Most GPs and specialist consultants can't distinguish whether mTBI symptoms are neurological, physiological or psychological following a clear CT scan. These are cyclic domains and act on each other.
Whiplash and impact injuries damage the neck, face and head. Nerves in the cervical spine get impinged and tissue damage causes inflammation that compress nerves, both cause tremors in the body and affect signalling to the vestibular system and facial muscles causing balance and visual issues.
The vestibular system comprises fluid filled canals in the inner ear and temperomandibular (jaw) joint. There are crystals in the canals that trigger motion sensors. Following an injury these crystals get displaced and no longer trigger the motion sensors properly, causing confusion in body stability. The vestibular system is also linked to motor control in the eyes which lose horizontal and vertical axis control.
Eyes and eye regions also get damaged in accidents affecting muscles that control movement and eye components such as the retina that affects sensory signalling to the brain.
All the sensory signals go to the thalamus, which is a junction box in the brain. If the signals are not normal, the thalamus triggers a stress response that increases cortisol, blood pressure and flow, increases breathing, and affects the gastric system by increasing acid production. This response is automatic, pre-perceptual, pre-congitive, ie you haven't thought about it, it's not psychological or of the mind.
This stress response that acts within 100 milliseconds and within 200 milliseconds it triggers a change in mood (this all occurs in the right brain hemisphere).
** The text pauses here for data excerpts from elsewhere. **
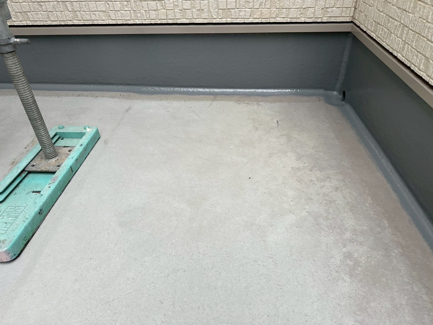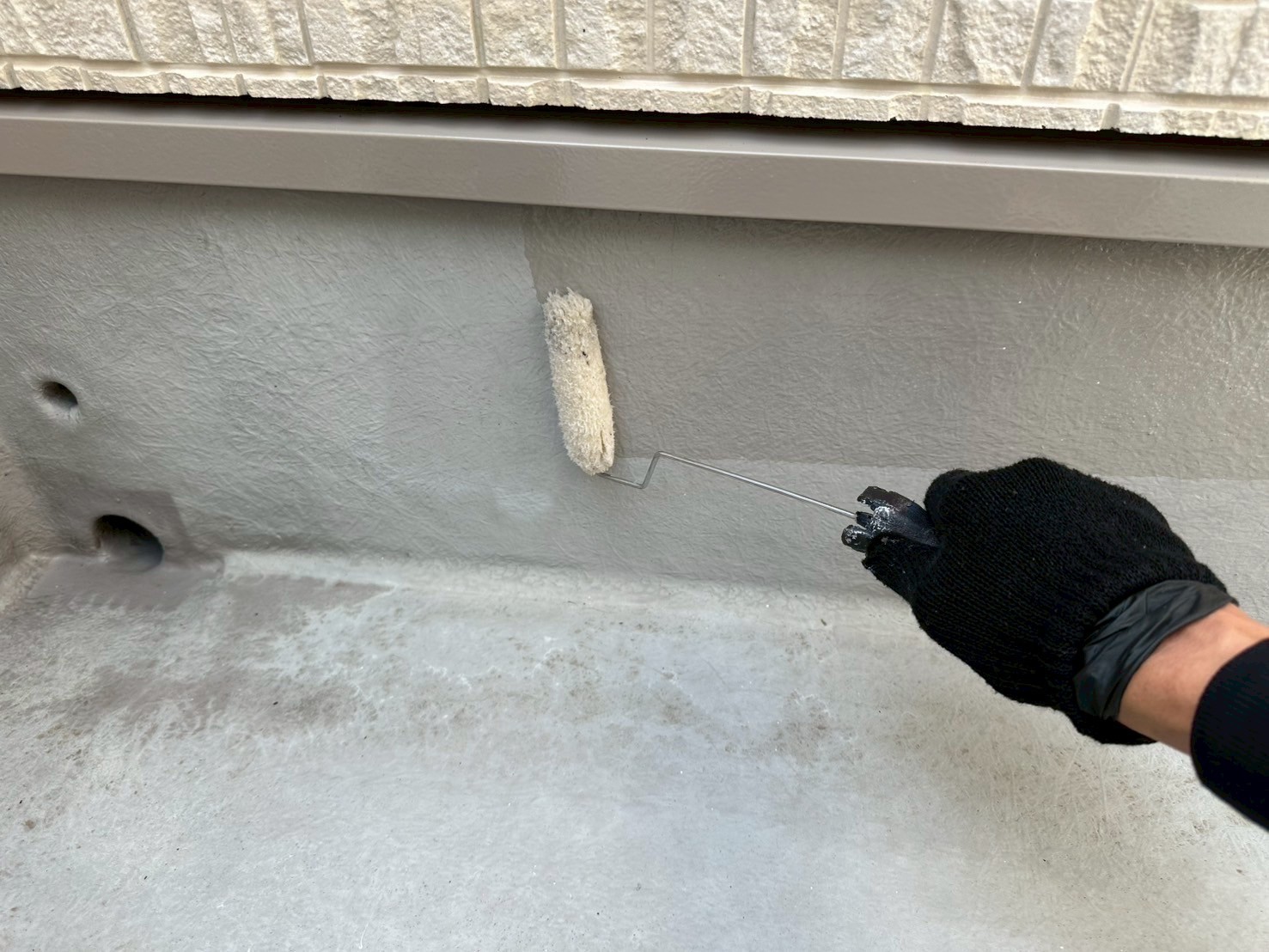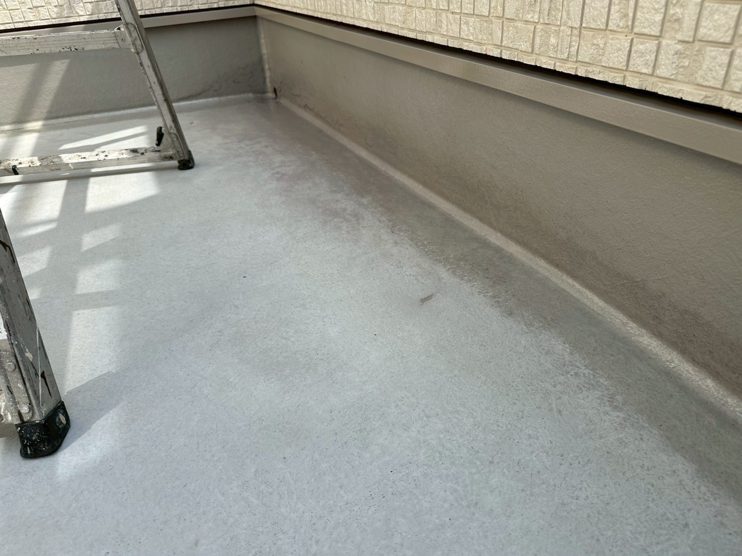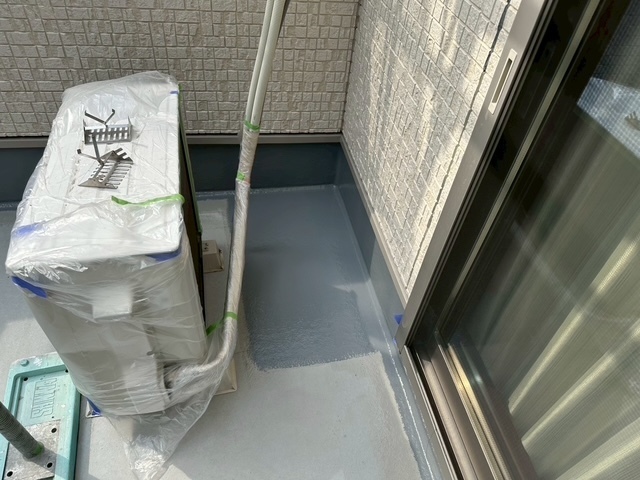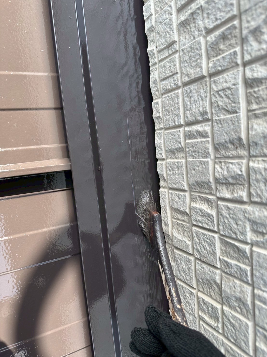 本日の作業は、下屋根を(1液ファインDFルーフのチョコレートN)で仕上げ塗りをして付帯部をファインパーフェクトトップSIの(N-85白系、22-60Bグレー系)を付帯部の使用箇所に使い分けて塗り、ベランダ床は、2回に分けて塗りますので先に床の立ち上がり箇所と室外機設置の下部をオートンウレアックスHG剤を使い作業しました。明日も引き続き宜しくお願いしますね(^^)
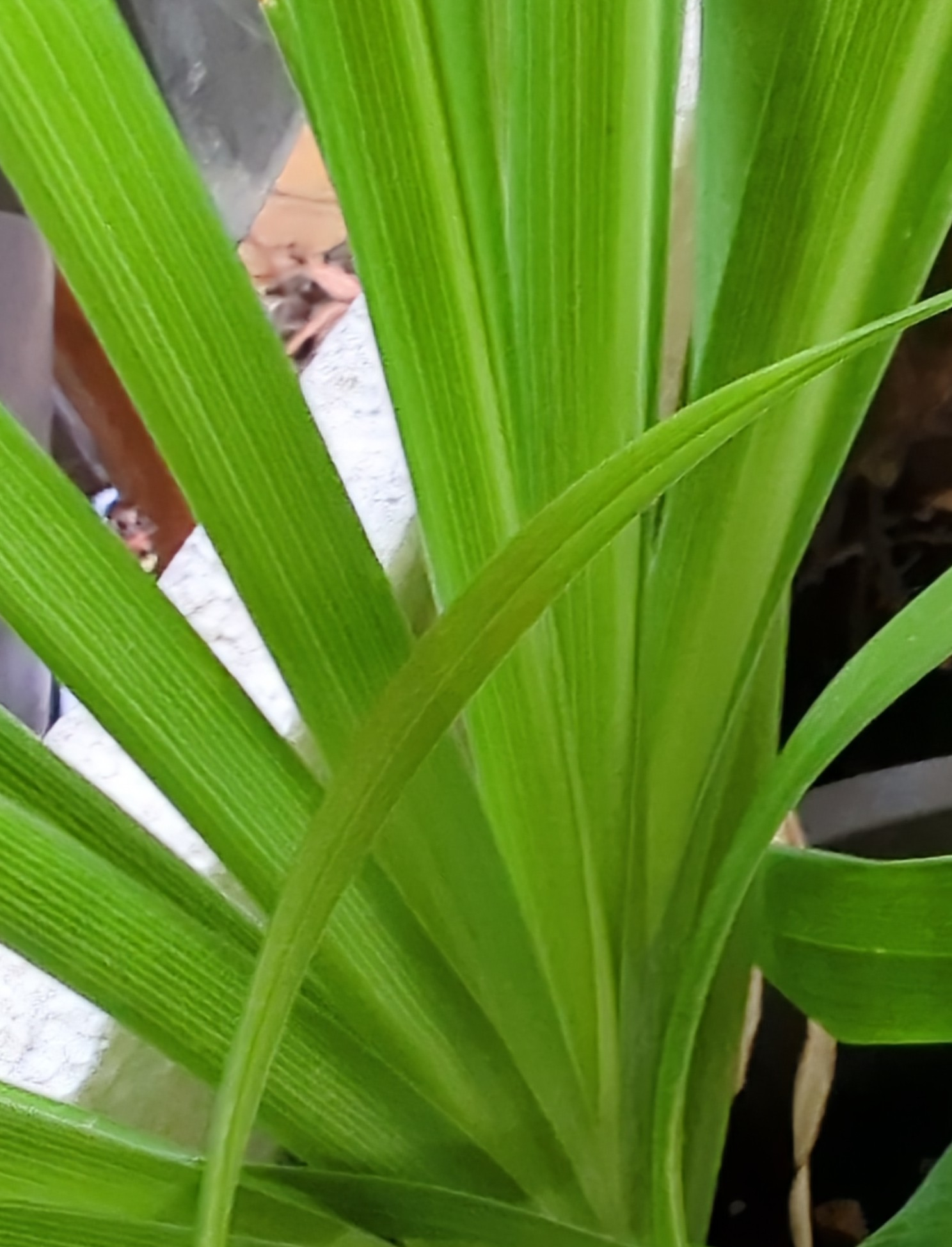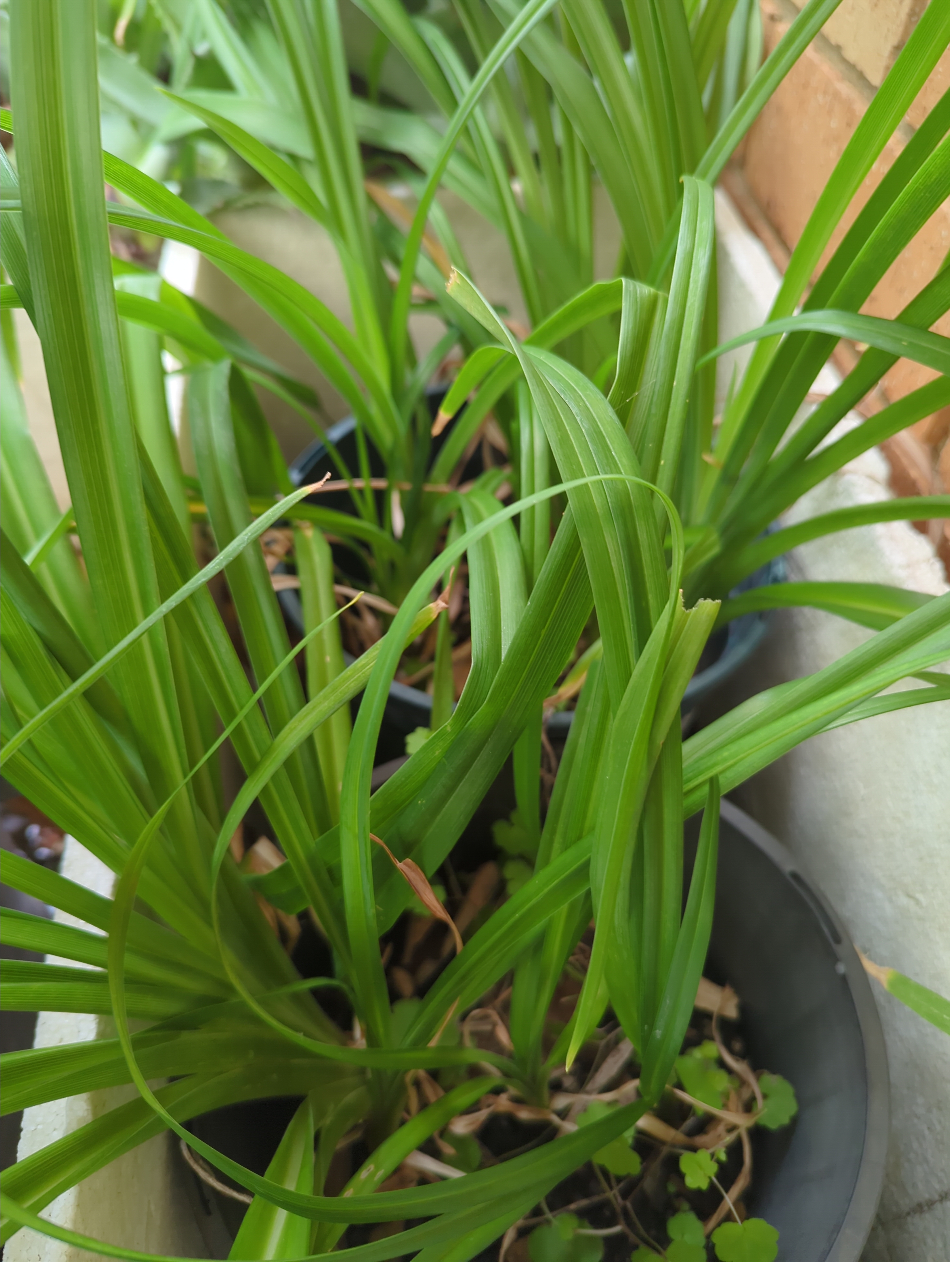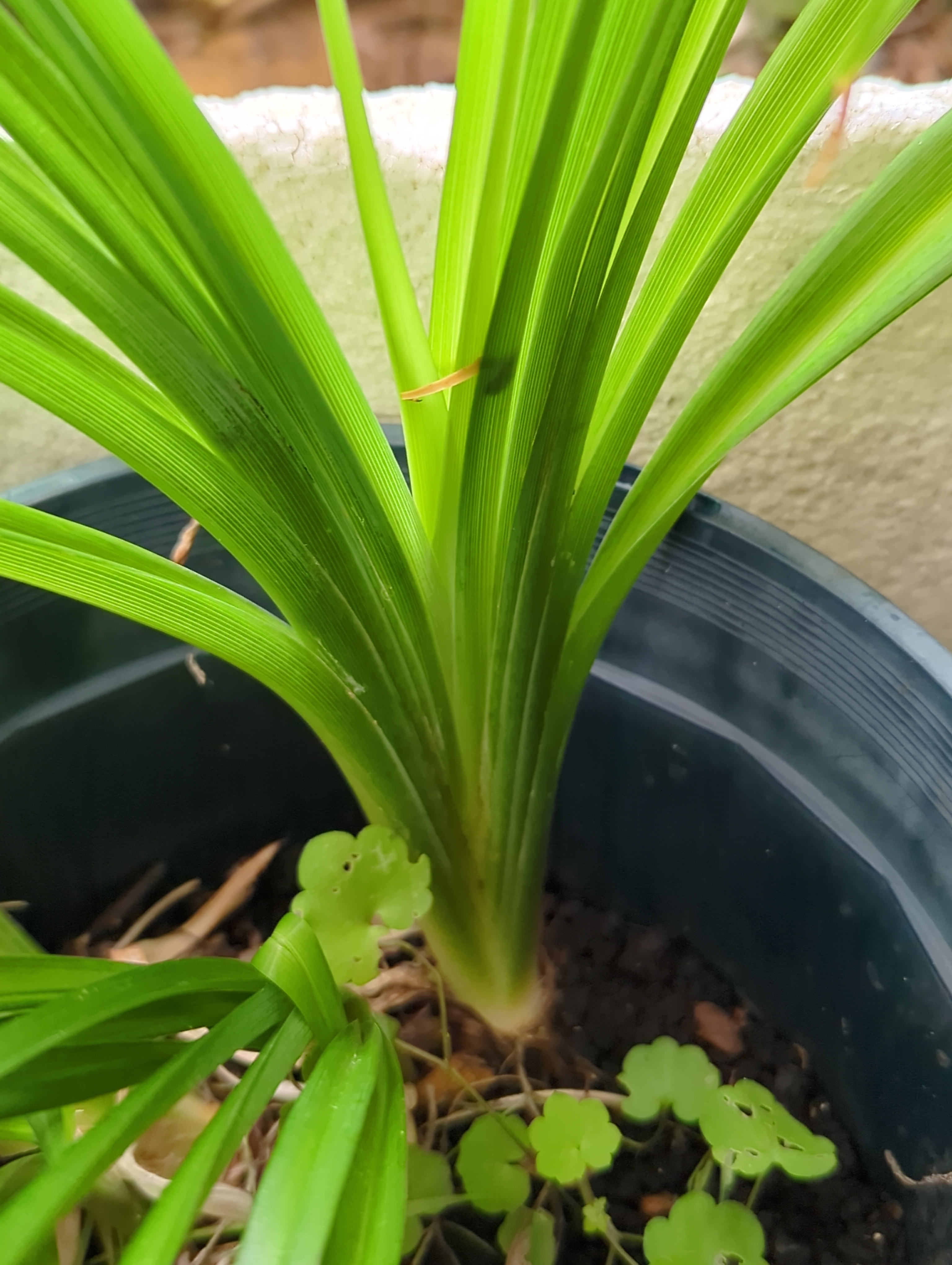 The arching leaves arise from the base of the plant and are strap-like, long, linear lanceolate leaves and grouped into opposite fans. The crown is the small part between the leaves and the roots. This can be seen in the image above.
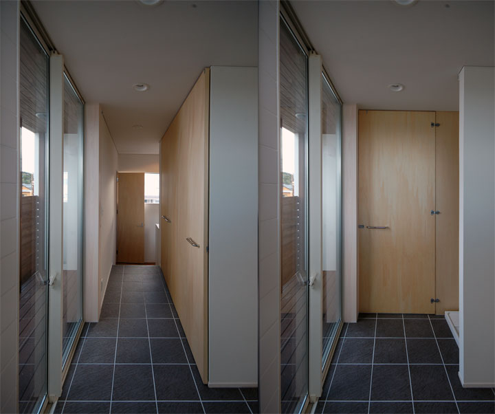 洗濯機置き場の目隠しの扉を開くと・・・脱衣室になります^^。床は磁器質の300角タイル貼。 |

The left brain hemisphere is triggered via signals across the corpus collosum and initiates an emotional response followed by language based thoughts, objective reasoning, (what the fuck is going on!) within 300 milliseconds. This is the psychological element. (Visual based 'thoughts' are linked to PTSD in the right hemisphere). If the events that trigger the stress response continue the effects become hard wired in the brain.
None of what I have described so far is due to neurological damage. They are psychosomatic and psychological.
If a CT brain scan is clear then what I have described are the symptoms seen by GPs and consultants.
If you have visual, vestibular treatment many of the causes of the stress response can be solved and remaining psychological effects can be overcome.
Only after this, if symptoms persist, a neurological condition can be investigated.
The problem is that most health authorities in the UK have no, or inadequate visual and vestibular services. Which means the causation of stress response continues and the psychological effects persist resulting in depression. The psychological effects can't be solved until the causation is treated. The neurological effects of brain damage are hardly ever found.
New brain imaging techniques, diffusion tensor imaging, can identify neurological damage traumatic axonal injury, after an accident, but this imaging technology is not available in mainstream healthcare hospitals.
So until there are proper vision and vestibular screening and treatments and also modern imaging technology, particular types of brain injury, the most common, mTBI/PCS will not be dealt with.
Hopefully the ABI Bill will change the system.